◆ INSTRUCTIONS FOR THE TASK
Each record that follows is to be transcribed exactly, excluding its images.

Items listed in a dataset
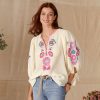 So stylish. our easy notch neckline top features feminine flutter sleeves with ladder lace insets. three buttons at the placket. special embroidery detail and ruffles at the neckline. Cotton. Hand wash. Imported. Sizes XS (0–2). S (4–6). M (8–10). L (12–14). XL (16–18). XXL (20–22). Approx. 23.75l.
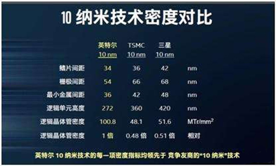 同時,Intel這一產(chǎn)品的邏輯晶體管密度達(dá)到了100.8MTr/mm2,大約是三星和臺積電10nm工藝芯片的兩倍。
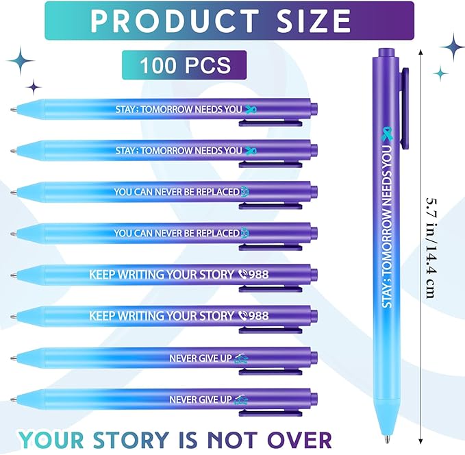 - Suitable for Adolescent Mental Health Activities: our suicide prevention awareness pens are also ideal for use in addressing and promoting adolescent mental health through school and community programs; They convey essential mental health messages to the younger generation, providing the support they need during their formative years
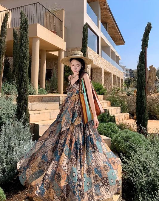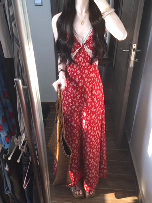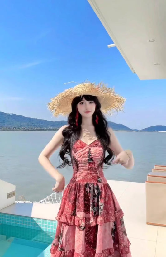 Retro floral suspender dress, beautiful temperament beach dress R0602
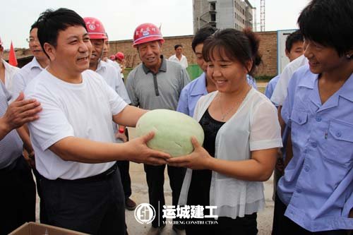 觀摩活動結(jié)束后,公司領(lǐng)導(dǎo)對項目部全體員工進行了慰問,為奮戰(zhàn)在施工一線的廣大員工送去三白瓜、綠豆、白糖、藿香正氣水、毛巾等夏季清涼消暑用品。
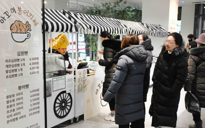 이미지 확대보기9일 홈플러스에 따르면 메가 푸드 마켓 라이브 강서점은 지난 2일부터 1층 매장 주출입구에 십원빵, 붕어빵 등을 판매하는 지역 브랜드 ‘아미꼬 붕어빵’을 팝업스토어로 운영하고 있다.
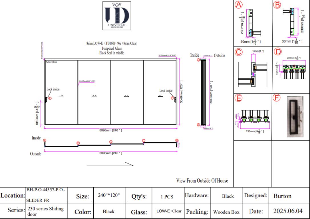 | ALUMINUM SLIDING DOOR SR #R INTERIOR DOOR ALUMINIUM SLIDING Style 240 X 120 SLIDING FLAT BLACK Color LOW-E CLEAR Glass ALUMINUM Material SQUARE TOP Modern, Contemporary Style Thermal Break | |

◆ ANSWER FOR THIS EXERCISE
 So stylish. our easy notch neckline top features feminine flutter sleeves with ladder lace insets. three buttons at the placket. special embroidery detail and ruffles at the neckline. Cotton. Hand wash. Imported. Sizes XS (0–2). S (4–6). M (8–10). L (12–14). XL (16–18). XXL (20–22). Approx. 23.75l.
 同時,Intel這一產(chǎn)品的邏輯晶體管密度達(dá)到了100.8MTr/mm2,大約是三星和臺積電10nm工藝芯片的兩倍。
 - Suitable for Adolescent Mental Health Activities: our suicide prevention awareness pens are also ideal for use in addressing and promoting adolescent mental health through school and community programs; They convey essential mental health messages to the younger generation, providing the support they need during their formative years
 Retro floral suspender dress, beautiful temperament beach dress R0602
 觀摩活動結(jié)束后,公司領(lǐng)導(dǎo)對項目部全體員工進行了慰問,為奮戰(zhàn)在施工一線的廣大員工送去三白瓜、綠豆、白糖、藿香正氣水、毛巾等夏季清涼消暑用品。
 이미지 확대보기9일 홈플러스에 따르면 메가 푸드 마켓 라이브 강서점은 지난 2일부터 1층 매장 주출입구에 십원빵, 붕어빵 등을 판매하는 지역 브랜드 ‘아미꼬 붕어빵’을 팝업스토어로 운영하고 있다.
 | ALUMINUM SLIDING DOOR SR #R INTERIOR DOOR ALUMINIUM SLIDING Style 240 X 120 SLIDING FLAT BLACK Color LOW-E CLEAR Glass ALUMINUM Material SQUARE TOP Modern, Contemporary Style Thermal Break | |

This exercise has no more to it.